Is she a good student? How I answer that question would depend on how we define a good student. If we define it as a student who is always hard-working, who is always pleasant to be with, who always gets her work done and always does stellar work, there was no way I could possibly describe the student L was asking about as a “good student.” Indeed, by that metric, she is just about everything — anything — but. Or at least she was. At the beginning of the year, she was belligerent, often refusing to work, often showing nothing but unreasonable anger about any correction or redirection. She was, in short, a nightmare student. And that means that I was immediately drawn to her, immediately interested in helping her, and immediately frustrated with her more often than not.

But the last few months, she’s been changing. Some days, she works. Some days, she’s incredibly attentive during whole-class instruction. And then some days, she’s back to her old games. But there is progress. And really, if we look at any definition of a good student, progress must be factored into the definition.

“Sometimes, sweetie, sometimes,” I said, then added, “Why?”

“Because she got them all right.”

Superlative

Every morning, she walks down the hall saying the same thing. Our eighth-grade school counselor’s mantra is, “It’s going to be a great day!” We teachers all smile at her and nod affirmingly or make a snide comment with a smile — “Not with this headache” or some similar thought — and move into our day without giving it another thought. While she does mean it — she certainly wishes we all have a great day — it’s also become somewhat of a running joke as well. She’ll look at what’s going on in the hallway, some kind of drama or other, raise her eyebrows, turn to the nearest teach and repeat, “It’s going to be a great day.”

Some days she’s prophetic: some days turn out really well. They have to — it’s the nature of teaching to have the bad but also the good, that which drew idealistic people into the profession to begin with. We all have visions of changing the world, one child at a time, of promoting self-confidence in this student, of helping that student discover latent talent. We know the statistics. We know some of the stories trailing behind our students. And we’re there to help. That’s the idealistic vision of teaching that we all cling to.

Yet even in the seemingly brightest days, there’s a kid who refuses to work, a boy who brings in some baggage from a hallway interaction and disrupts the class, a girl who is still stewing over some injustice, perceived or real, suffered in the previous class. It’s good, but it’s never perfect. How could it be? It seems for a perfect day, everyone involved in our classroom routines would need to be having perfect days as well, or at least extremely good days.

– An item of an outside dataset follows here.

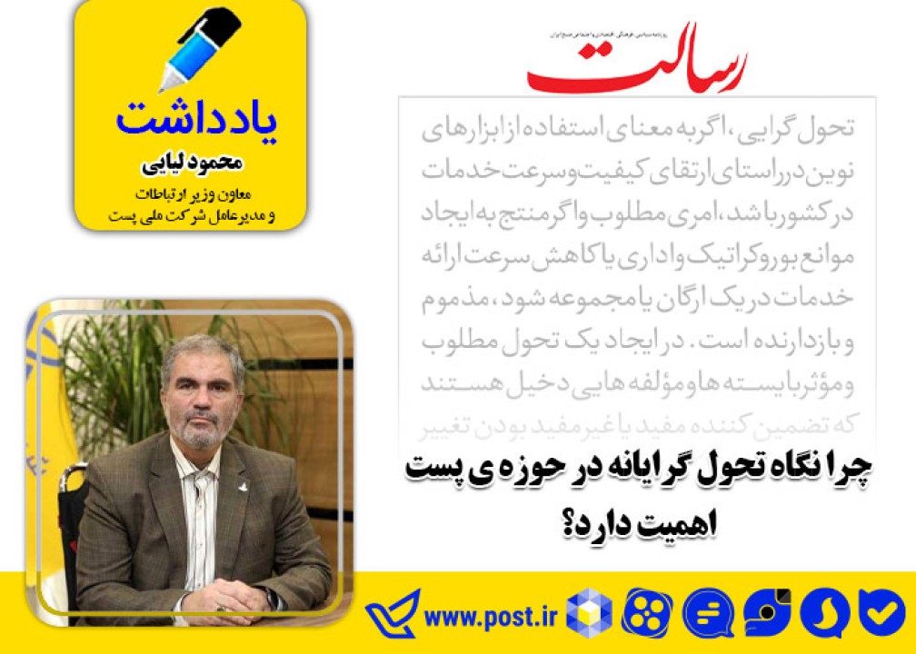 به گزارش دفتر ارتباطات و اموربین الملل شرکت ملی پست، محمود لیایی در یادداشتی که در روزنامه رسالت منتشر شده به نگاه تحول گرایانه در شرکت ملی پست پرداخته است که متن آن را ادامه می خوانید.

That’s the thought anyway, for such days are so rare that I think we teachers sometimes even forget they exist. The other days seem to crowd out everything else, and at one point or another, we teachers, each and everyone, have found ourselves standing in our classroom, loo out our window, wondering if we need to get out of the profession. We smile at each other in the hallway during these days and say things like, “I feel like today, if I’d just stayed home and bashed my head into the wall for eight hours, I’d have more to show for it.”

And then the stars align, the kids smile, and every kid in every class is, to some degree or other, productive. First period, a traditionally tough period for me, slides by without me even realizing the class period is about to end, and the kids, with their pencils scribbling during our Friday writing/workshop session, don’t realize it either. Kids who just Monday mounted a virtual mutiny in class. But today, they’re writing, conferencing with each other, focused. Working.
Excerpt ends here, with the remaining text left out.